The basic principles and the main features of the invention and the advantages of the invention have been shown and described above. It will be understood by those skilled in the art that the present invention is not limited to the above embodiments, and that the foregoing embodiments and descriptions are provided only to illustrate the principles of the present invention without departing from the spirit and scope of the present invention. The scope of the invention is defined by the appended claims and equivalents thereof.

Claims

1. The double-cone centrifuge comprises a horizontal spiral centrifuge body, wherein the horizontal spiral centrifuge body comprises a rotary drum and a spiral feeder positioned in the rotary drum, and is characterized in that the rotary drum consists of a straight-section rotary drum and a conical-section rotary drum, the straight-section rotary drum and the conical-section rotary drum are both conical, the cone angle of the straight-section rotary drum is 5-8 degrees, the cone angle of the conical-section rotary drum is 35-45 degrees, and the large end of the straight-section rotary drum is connected with the large end of the conical-section rotary drum;

2. The double-cone centrifuge of claim 1, wherein the first sub-screw feeder and the second sub-screw feeder are each provided with a feeding channel therein, the two feeding channels are communicated, the side wall of the first sub-screw feeder is provided with an opening for communicating the feeding channel with the inner cavity of the straight-section rotating drum, the opening is close to the small end of the straight-section rotating drum, the side wall of the conical-section rotating drum is provided with a solid phase outlet, and the solid phase outlet is close to the small end of the conical-section rotating drum.

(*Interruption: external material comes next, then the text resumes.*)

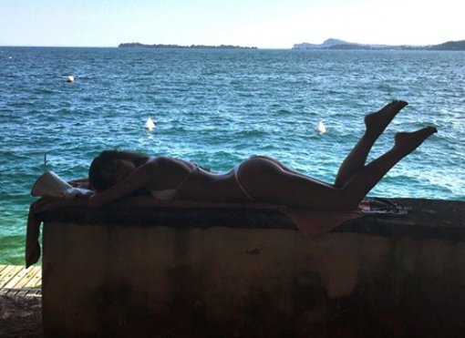 공개된 사진 속 이리나 샤크는 휴양지에서 해변을 배경으로 일광욕을 즐기고 있다. 엉덩이 라인이 훤히 드러나는 한뼘 비키니기 눈길을 끌었다.

3. A double-cone centrifuge according to claim 2, wherein a groove with an inward opening is formed at the junction of the straight section rotating drum and the conical section rotating drum, and an annular baffle is arranged in the groove.

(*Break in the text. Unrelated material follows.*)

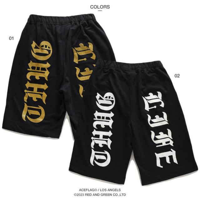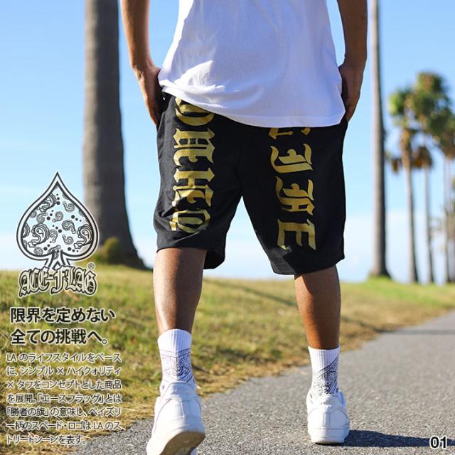 ACEFLAG ハーフパンツ スウェット 裏パイル 半ズボン 短パン メンズ 春夏用 黒 大きいサイズ エースフラッグ パンツ おしゃれ ロゴ THUG LIFE サグライフ b系 ヒップホップ ファッション 夏 新作 AF-HP-SW-025

4. A double cone centrifuge according to claim 3, wherein said ring baffle is a ring baffle in the shape of a circular ring, or alternatively, said ring baffle is a ring baffle in the shape of a one sixth to one third circular ring.

5. A double cone centrifuge according to claim 4, wherein the centre of the annular baffle and the centre of the solid phase outlet are located on the same side of the bowl.

6. A double cone centrifuge according to claim 5, wherein the line between the centre of the annular baffle and the centre of the solid phase outlet is in the same plane as the central axis of the second sub screw feeder.

7. A double-cone centrifuge according to any of claims 2 to 6, wherein a centripetal pump is provided on the screw feeder, the centripetal pump is located near the large end of the straight-section rotating drum, and the feed inlet of the centripetal pump is in communication with the inner cavity of the rotating drum.

8. A double cone centrifuge according to claim 7 wherein the bowl is provided with a set of bearings at each end, the bearing at the small end of the straight bowl being the small end main bearing and the bearing at the small end of the conical bowl being the large end main bearing, the feed channel extending towards and through the large end main bearing, the opening of the feed channel at the large end main bearing remote from the bowl being the feed inlet, the centripetal pump being connected to the clear liquid outlet via a drive conduit, the clear liquid outlet also being located at the large end main bearing remote from the bowl.

9. A double cone centrifuge according to claim 8, wherein the centripetal pump is rotatably connected to the screw feeder by a shaft, and the large end main bearing is provided with an adjustment handle on a side remote from the bowl, the adjustment handle being connected to the shaft by a transmission mechanism.